● AVAILABLE DATA:

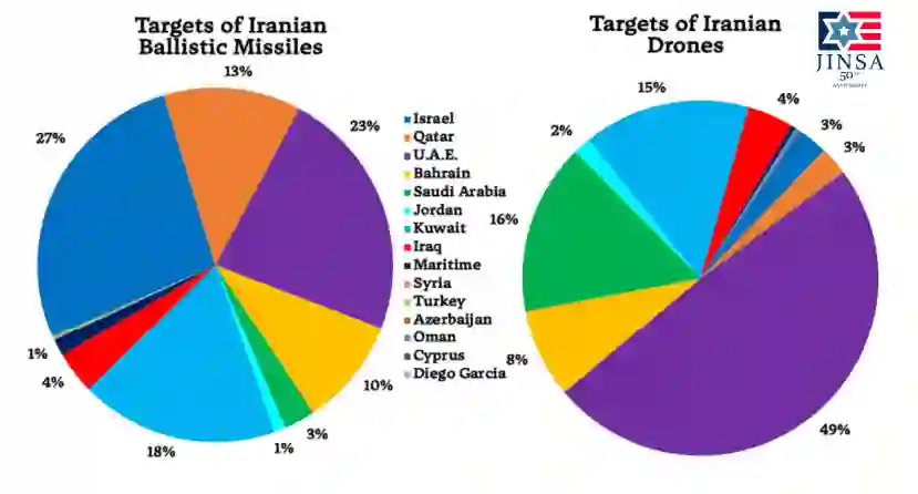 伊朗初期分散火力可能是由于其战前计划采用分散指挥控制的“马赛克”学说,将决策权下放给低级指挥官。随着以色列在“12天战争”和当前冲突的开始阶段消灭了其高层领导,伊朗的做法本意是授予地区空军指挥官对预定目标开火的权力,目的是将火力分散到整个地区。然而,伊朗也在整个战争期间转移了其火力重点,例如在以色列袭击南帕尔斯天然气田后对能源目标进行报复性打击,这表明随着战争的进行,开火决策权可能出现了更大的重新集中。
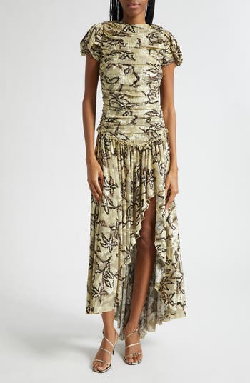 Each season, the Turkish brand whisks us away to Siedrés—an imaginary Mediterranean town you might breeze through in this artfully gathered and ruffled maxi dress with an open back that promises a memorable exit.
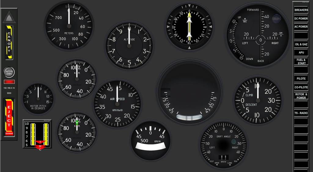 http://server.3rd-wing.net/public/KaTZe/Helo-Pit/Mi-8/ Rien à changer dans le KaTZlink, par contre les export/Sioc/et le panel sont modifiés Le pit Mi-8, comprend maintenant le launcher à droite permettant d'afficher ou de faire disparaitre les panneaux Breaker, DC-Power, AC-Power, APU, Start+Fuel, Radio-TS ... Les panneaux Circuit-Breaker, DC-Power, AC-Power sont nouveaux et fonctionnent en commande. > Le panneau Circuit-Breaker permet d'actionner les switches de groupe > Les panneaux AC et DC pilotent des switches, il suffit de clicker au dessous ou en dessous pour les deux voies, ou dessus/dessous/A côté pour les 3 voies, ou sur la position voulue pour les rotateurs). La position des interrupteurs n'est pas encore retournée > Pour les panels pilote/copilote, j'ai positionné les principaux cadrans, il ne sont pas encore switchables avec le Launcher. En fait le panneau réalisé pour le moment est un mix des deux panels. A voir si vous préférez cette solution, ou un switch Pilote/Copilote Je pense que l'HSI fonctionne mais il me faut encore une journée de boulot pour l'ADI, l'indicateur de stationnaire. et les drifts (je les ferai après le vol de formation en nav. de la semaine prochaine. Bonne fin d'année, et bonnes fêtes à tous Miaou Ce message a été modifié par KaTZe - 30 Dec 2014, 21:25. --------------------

● WHAT YOU WILL DO: Everything in the material above should be reproduced exactly, except the pictures.

● ANSWER AREA:
 伊朗初期分散火力可能是由于其战前计划采用分散指挥控制的“马赛克”学说,将决策权下放给低级指挥官。随着以色列在“12天战争”和当前冲突的开始阶段消灭了其高层领导,伊朗的做法本意是授予地区空军指挥官对预定目标开火的权力,目的是将火力分散到整个地区。然而,伊朗也在整个战争期间转移了其火力重点,例如在以色列袭击南帕尔斯天然气田后对能源目标进行报复性打击,这表明随着战争的进行,开火决策权可能出现了更大的重新集中。
 Each season, the Turkish brand whisks us away to Siedrés—an imaginary Mediterranean town you might breeze through in this artfully gathered and ruffled maxi dress with an open back that promises a memorable exit.
 http://server.3rd-wing.net/public/KaTZe/Helo-Pit/Mi-8/ Rien à changer dans le KaTZlink, par contre les export/Sioc/et le panel sont modifiés Le pit Mi-8, comprend maintenant le launcher à droite permettant d'afficher ou de faire disparaitre les panneaux Breaker, DC-Power, AC-Power, APU, Start+Fuel, Radio-TS ... Les panneaux Circuit-Breaker, DC-Power, AC-Power sont nouveaux et fonctionnent en commande. > Le panneau Circuit-Breaker permet d'actionner les switches de groupe > Les panneaux AC et DC pilotent des switches, il suffit de clicker au dessous ou en dessous pour les deux voies, ou dessus/dessous/A côté pour les 3 voies, ou sur la position voulue pour les rotateurs). La position des interrupteurs n'est pas encore retournée > Pour les panels pilote/copilote, j'ai positionné les principaux cadrans, il ne sont pas encore switchables avec le Launcher. En fait le panneau réalisé pour le moment est un mix des deux panels. A voir si vous préférez cette solution, ou un switch Pilote/Copilote Je pense que l'HSI fonctionne mais il me faut encore une journée de boulot pour l'ADI, l'indicateur de stationnaire. et les drifts (je les ferai après le vol de formation en nav. de la semaine prochaine. Bonne fin d'année, et bonnes fêtes à tous Miaou Ce message a été modifié par KaTZe - 30 Dec 2014, 21:25. --------------------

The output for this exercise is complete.